Hidden Markov models (HMMs) have wide application “since they emerged as the key technology for speech recognition.” This text provides an introduction to HMMs for the dynamical systems community.
The book is organized into six chapters. Chapter 1 introduces state-space models and discrete HMMs, with suitable examples. Chapter 2 presents basic algorithms: forward, backward, Viterbi, Baum-Welch, and expectation-maximization (EM), for fitting and using the probability distributions when both the possible states and the set of possible observations are discrete. Chapter 3 describes some model families with Gaussian observations using a novel regularization approach. In chapter 4, the forward and backward algorithms are presented concisely for continuous states and observations using Kalman filters. Chapter 5 fits models to data from chaotic dynamical systems using Lyapunov exponent calculations. Chapter 6 describes the algorithm for decoding sequences of classification and presents an application to experimental measurements of electrocardiograms.
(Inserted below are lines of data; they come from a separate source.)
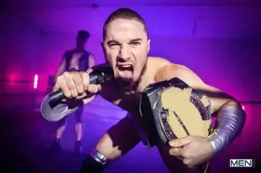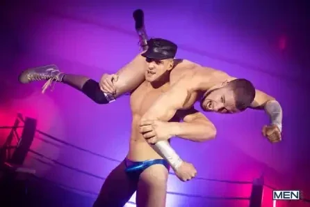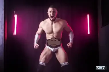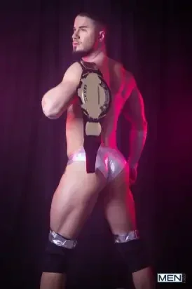 Two weeks ago, Malik Delgaty and Skyy Knox faced off in the ring, and heel Skyy cock-slapped Malik across the face and took the belt! Today at Asshole Mania, Malik is ready for his revenge. The wrestlers enter the arena to cheers and jeers, and Malik quickly shows that this time, he's going to be the one dominating. Skyy tries to regain the advantage by squeezing Malik's balls, but it has no effect! To the bearded villain's disbelief, the muscular top effortlessly pushes Skyy to his knees and fucks his face. Malik even picks Skyy up for an upside-down blowjob before bending him over the ropes and fucking him doggystyle. But Skyy won't let the upstart face take his title that easily, tossing Malik to the mat and riding his cock! Malik counters with a piledriver, then cements his victory by pounding the heel in missionary till Skyy cums, then giving him a facial!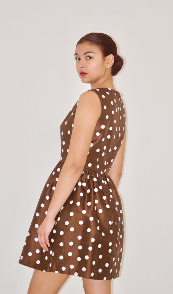 Brown Polka-Dot Print Fit and Flare Dress
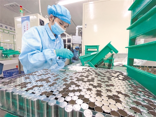 广大鹤山企业正以饱满的精神状态和奋斗姿态,助力鹤山高质量发展跑出加速度。图为朗达电池公司锂电池生产车间。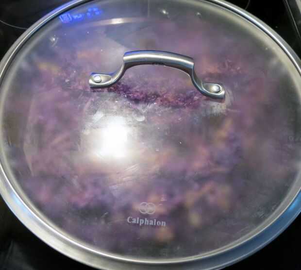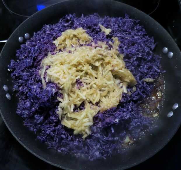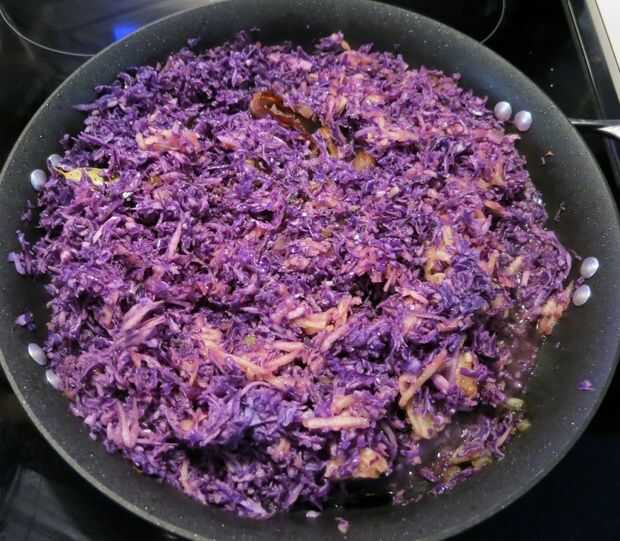 Añadir la col, sidra, manzana, panela, hojas de laurel y tomillo y cocine, cubierto, hasta que el repollo se ablande, aproximadamente 15 minutos.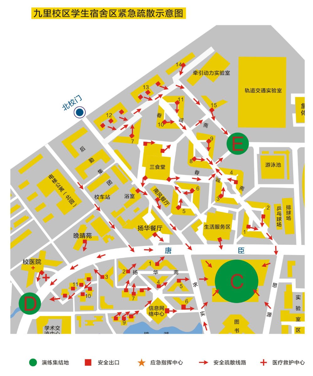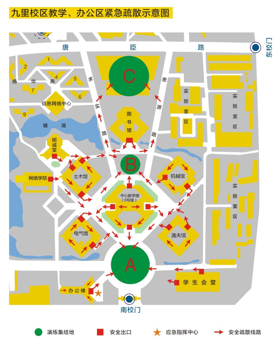 九里、犀浦校区紧急疏散示意图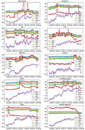 Timelines of aggregated artist popularity computed by GAP0, GAP1, AAP, TOPSIS, and PRO, for 10 artists with high discrepancy in their popularity as expressed by the monitored individual metrics.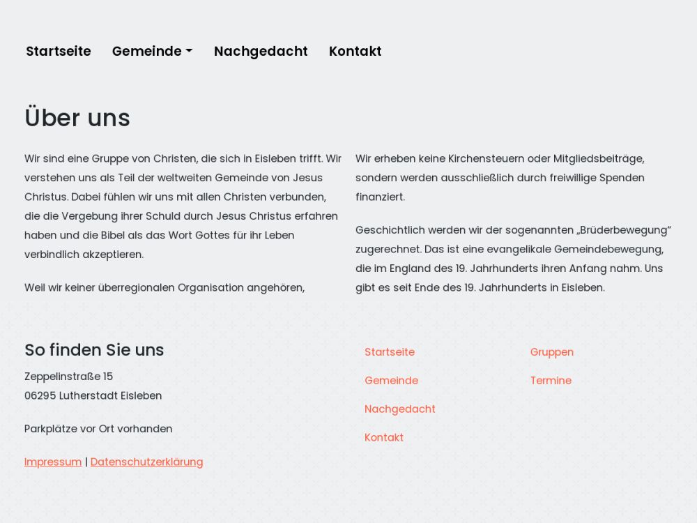 Wir sind Christen und glauben an Gott als den Schöpfer und daran, dass er die Menschen liebt. Die einzige Chance, zu ihm eine persönliche Beziehung zu bekommen, heißt Jesus Christus. Er starb stellvertretend für unsere Schuld, ist vom Tod auferstanden und wurde somit die Brücke zu Gott. Wir akzeptieren die Bibel mit allen ihren Aussagen als Autorität für unseren Glauben und unser Leben.Gemeinde-Info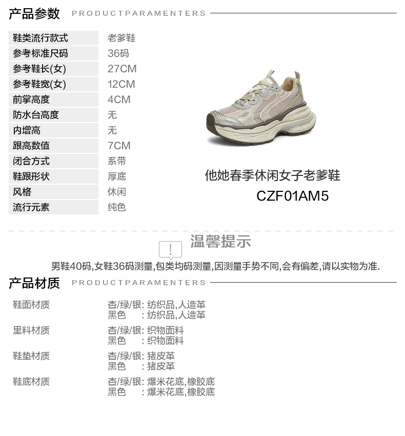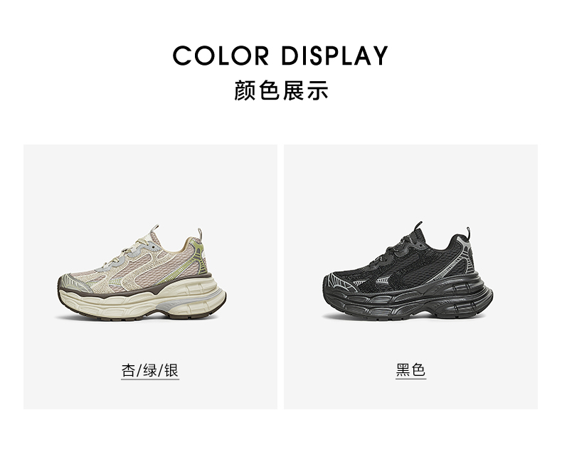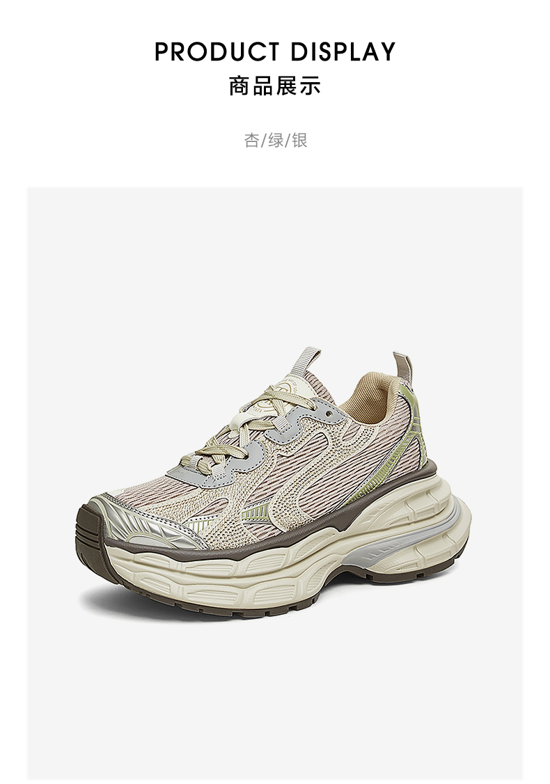 | 上市时间:2025年春季 | 生产/经销/进口厂家:丽荣鞋业(深圳)有限公司 | 鞋类流行款式:老爹鞋 | 鞋头款式:圆头 | 执行标准:舒适运动鞋Q/LR002-2023 |

An undergraduate background in engineering, mathematics, or science that includes work in probability, linear algebra, and differential equations is a prerequisite for the book. The book presents algorithms for using HMMs and explains the derivation of those algorithms. Although algorithms are given in pseudocode in the text, a working implementation is available on the accompanying Web site (http://www.siam.org/books/ot107/). This text provides essential introductory material, as well as the theory behind basic algorithms, so that the readers can use it as a guide to developing their own variants.
This well-organized book will certainly be a valuable enhancement to the existing literature. Every chapter contains all needed definitions and formulas, with deep discussions of their meanings, proofs, and examples. Bravo to Fraser for writing a truly fine book that is really needed in this area. I strongly recommend this book to those who want to appreciate the interplay between HMMs and dynamical systems.